As a kid growing up in Rio Hondo, Texas, Ness Flores wanted to be a baseball player like his hero, the great Jackie Robinson.

And while he loved baseball, he ended up going to bat for something else over the course of his professional career – advocating for the rights and protections of migrant farmworkers as an attorney. 

Flores wasn’t familiar with any lawyers growing up. But what he did know was the struggles of migrant farmworkers. 

“I might not have known it or appreciated it at the time, but my whole life was pointed in that direction,” said Flores, 78, who has dedicated his career to providing advocacy, counsel, community service and legal assistance to Wisconsin’s migrant farmworkers, Spanish speaking and other marginalized populations. 

His parents, Barbara and Ismael, were migrant farmworkers. For the first decade of his life, Flores would join his family in the spring as they made their way from Texas to Wisconsin to work in a canning factory or a farm. 

“Apples, cherries, beans… you name it, I picked it,” recalled Flores. 

His family eventually relocated to a tiny town southwest of Sheboygan in 1954 when his dad got a job at the Kohler Company. The family moved to the city of Sheboygan in 1955 where Flores graduated from South High School in 1962. Flores graduated as student body president, co-captain of the football team and a member of the scholastic honor society.  His parents were one of the first Mexican families in the area and though they didn’t speak English well, they always contributed to the community in some way, Flores said. 

“My parents always taught me to care for the newcomers,” Flores said.

Flores drew inspiration from his family as he began his legal career. After initially starting in tax law, Flores later took a job with UMOS as its first migrant legal services attorney. While there, he helped launch its Migrant Legal Services Program, which still exists today as part of Legal Action of Wisconsin. In 1972, he joined in the march to Madison to call for better housing, pay and conditions for farmworkers. He became the executive director of the Governor’s Committee on Migrant Labor in 1974 and wrote and lobbied for the Wisconsin Migrant Labor Act the following year. After its passage, he became the first chair on the Wisconsin Council on Migrant Labor in 1976. 

“When I got appointed as (circuit court) judge in 1978, my mom said ‘Why can’t you hold on to a job?
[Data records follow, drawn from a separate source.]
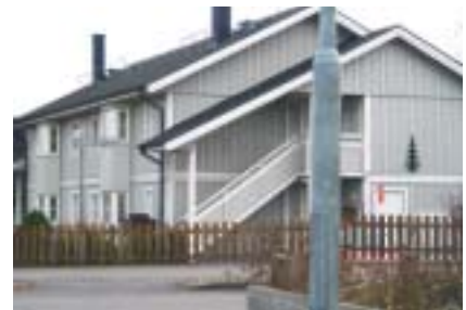
Geten 4 (1936?/1991)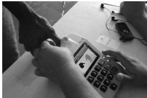
Un votante prueba el sistema biométrico de identificación el día 5 de agosto durante un simulacro

El sistema de votación venezolano es uno de los sistemas más altamente automatizados del mundo. Dicha automatización incluye todos los pasos del proceso, desde la inscripción de los candidatos hasta la identificación biométrica de los votantes en las mesas de votación, pasando por la emisión del voto en máquinas con pantalla táctil, la transmisión electrónica de los resultados y la tabulación centralizada de los resultados.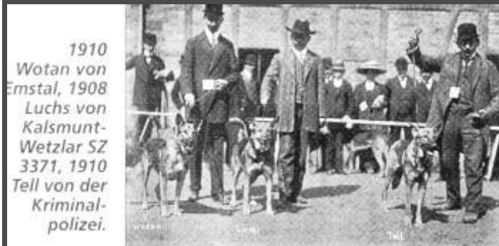
1910 Wotan von Emstal, 1908 Luchs von Kalsmunt- Wetzlar SZ 3371, 1910 Tell von der Kriminal- polizei.

Wurttemberský pes s ovisnutými a sklopenými ušnicami bol síce menej obľúbený, i keď držaním chvosta predstihol aj durínske psy s nepekne stočeným chvostom. Wurttemberské psy boli celkovo väčšie, dobre stavané, so silnejšou kostrou a končatinami. Dokázali predmet pevne uchopiť, ale mali pokojnejšiu povahu ako durínske psy. Aby Švábi, z ktorých sa stali oduševnení šľachtelia, dosiahli požadovaný chovný cieľ, začali šľachtiť durínskeho psa so vzpriamenými ušnicami a peknou vlčou farbou srsti, ktorého neskôr použili pri šľachtení nemeckého ovčiaka dnešného typu. Ani krížením s vlkmi sa nedosiahli uspokojujúce výsledky, takže vlčie miešance nijako neovplyvnili ďalší vývin tohto plemena. Rotmajster von Stephanitz, ktorý bol po celý život veľkým priaznivcom psov, raz na výstave uvidel svojho „vysneného“ psa Hektora Linksreina, neskôr premenovaného na Horanda von Grafrath, ktorý bol spolu s Mari von Grafrath prvý pes zapísaný v nemeckej plemennej knihe.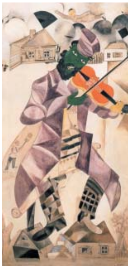
Marc Chagall: Hudba, 1920.

V červenci uplynulo 120 let od narození Marca Chagalla (1887–1985), malíře, který bývá charakterizován střídavě jako tvůrce buď vysoce origi-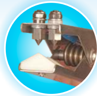
Puntas de carbono de tungstenoide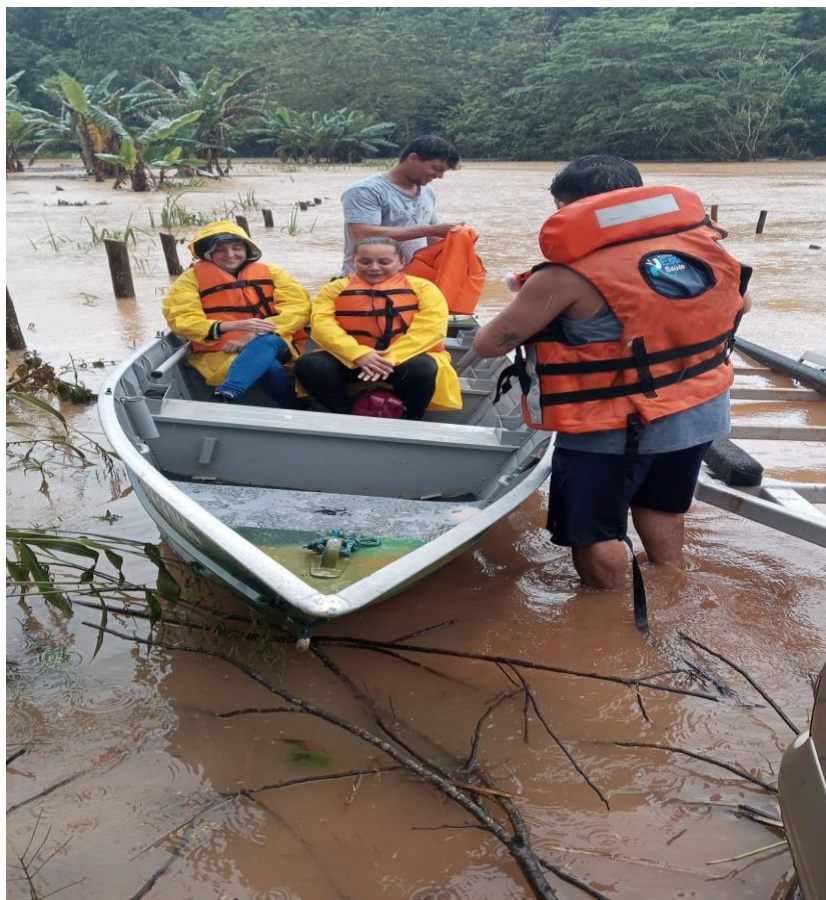
Atendimento de Equipe médica em áreas isoladas (zona rural) com apoio da Defesa Civil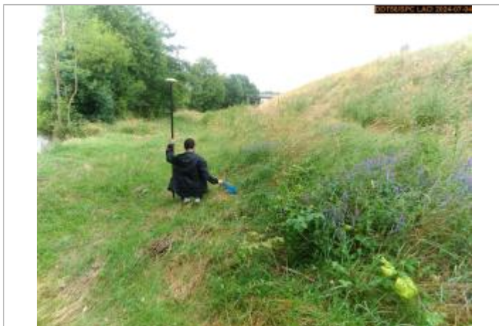
Vue du site en 2024, et du repère de la crue de juin 2024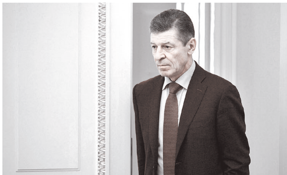
Дмитрий Козак

Россия оказалась слишком зацикленной на теме «Северного потока — 2», а Китай тем временем применяет свою стратегию экономического удушения, медленно устанавливая контроль над ключевыми объектами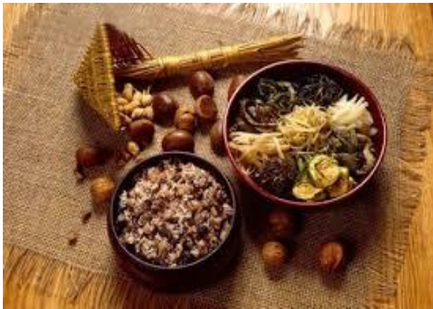
오곡밥과 묵은 나물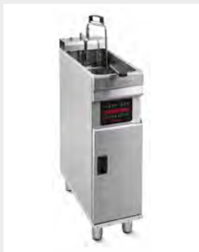
Mod. EVO C 250 Con elevador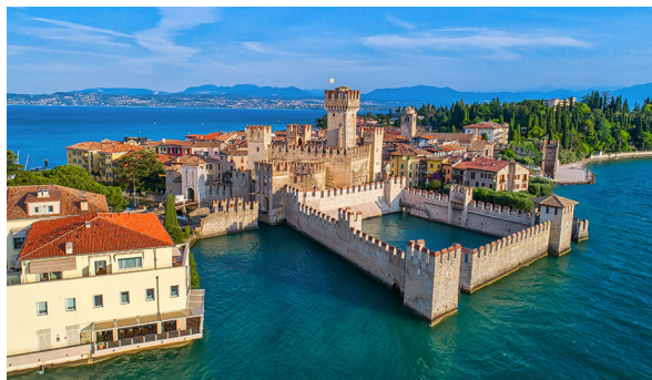
Ein weiterer sehenswerter Ort ist Sirmione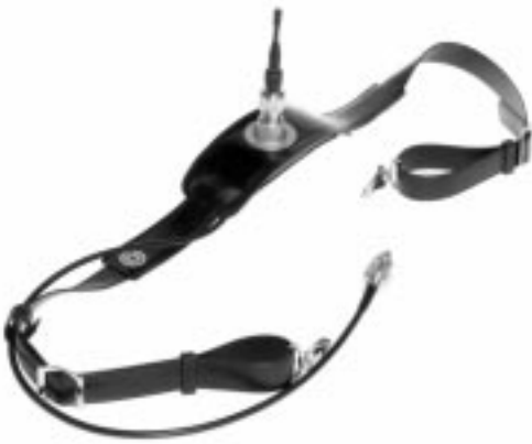
アンテナはWJ-SST200に付属

このたびは、ショルダーキットをお買い上げいただき、まことにありがとうございました。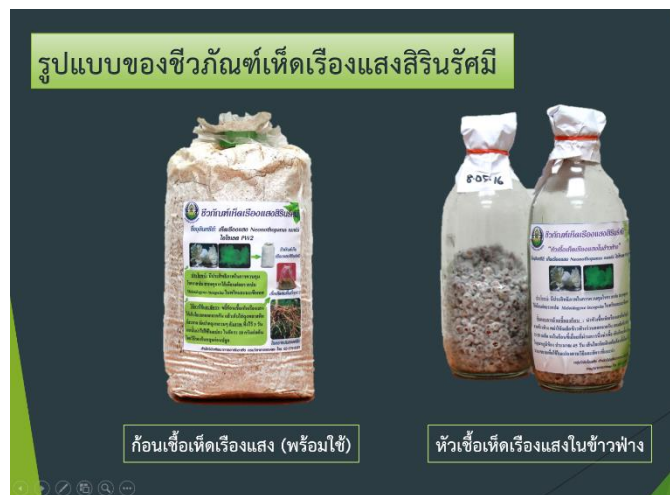
ภาพที่ 18 รูปแบบชีวภัณฑ์เห็ดเรืองแสงสิรินรัมย์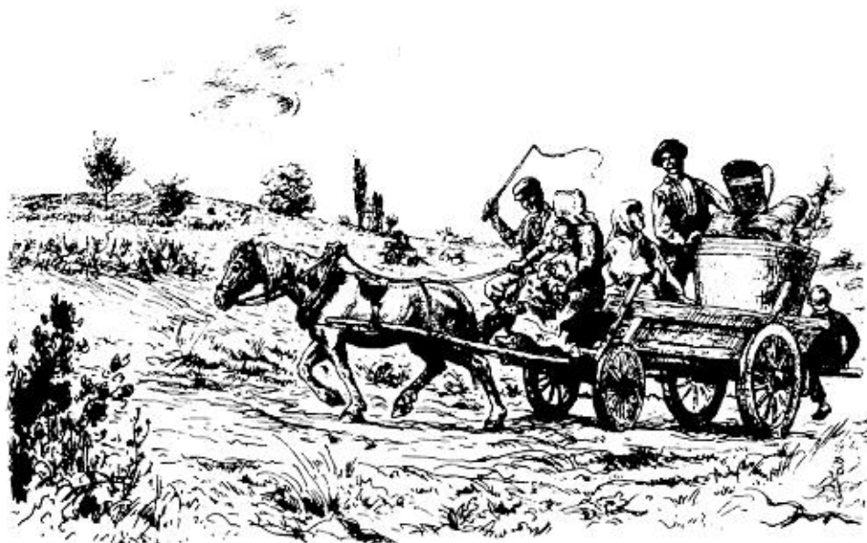
COLIN Paul-Emile, La vendange , eau-forte.

Petits chevaux lorrains, comme il est possible d'en voir de nombreux exemplaires peints par les artistes locaux..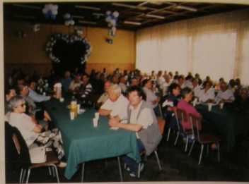
Gošue - dznalkov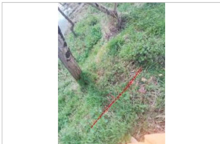
Débris végétaux en haut de berge - Photo ©AGERIN

Altitude calculée de l'eau (en m) : 294.57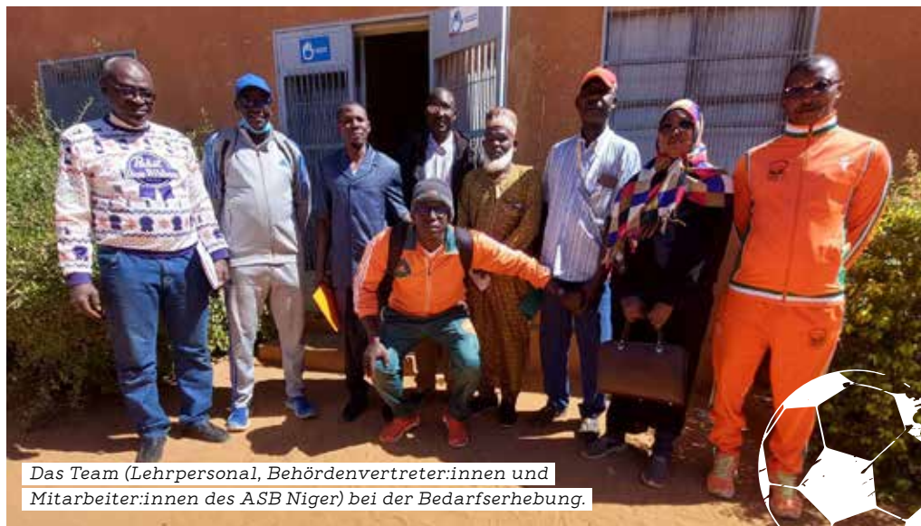
Das Team (Lehrpersonal, Behördenvertreter:innen und Mitarbeiter:innen des ASB Niger) bei der Bedarfserhebung.

You are changing jobs every couple of years,” said Flores, who also has served as a private law practitioner, a legal services lawyer and a public defender. “I always looked at it as though I was attacking the problem from a different direction.” 

In addition to a half century in the legal profession, Flores also has spent a half century of service to the community. Among his many roles, he has served as a member of Waukesha’s Police and Fire Commission, a member of the Board of Regents of the UW System and a board member of Legal Action of Wisconsin and La Casa de Esperanza, among other nonprofits. 

Flores served two terms on the Greater Milwaukee Foundation’s Board and remains connected as a member of the Community Impact Committee, where he helps directs the Foundation’s grantmaking strategies toward achieving greater equity and inclusion in the region. He also served on the advisory group in 2016 that led to the creation of the Latino Statistical Portrait, a comprehensive study of Milwaukee’s Latino population that led to greater understanding locally of the significant role the community has in the future of the region.

While helping better the lives of migrant farmworkers has brought Flores great joy, so too has the fact that he has paved the way for other Latino lawyers. When Flores started his career, he was one of two Latino lawyers in Wisconsin. In 1978, he became the state’s first Latino circuit court judge. When he retired in 2012, one of his Spanish-speaking clients said, “Oh no! Who is going to take care of the Hispanic community now?” Now there are more than 100 Latino lawyers and the number continues to grow.

“They are all bright and anxious to help people,” said Flores, a founding member and past president of the Wisconsin Hispanic Lawyers Association. “That’s a prideful thing for me.”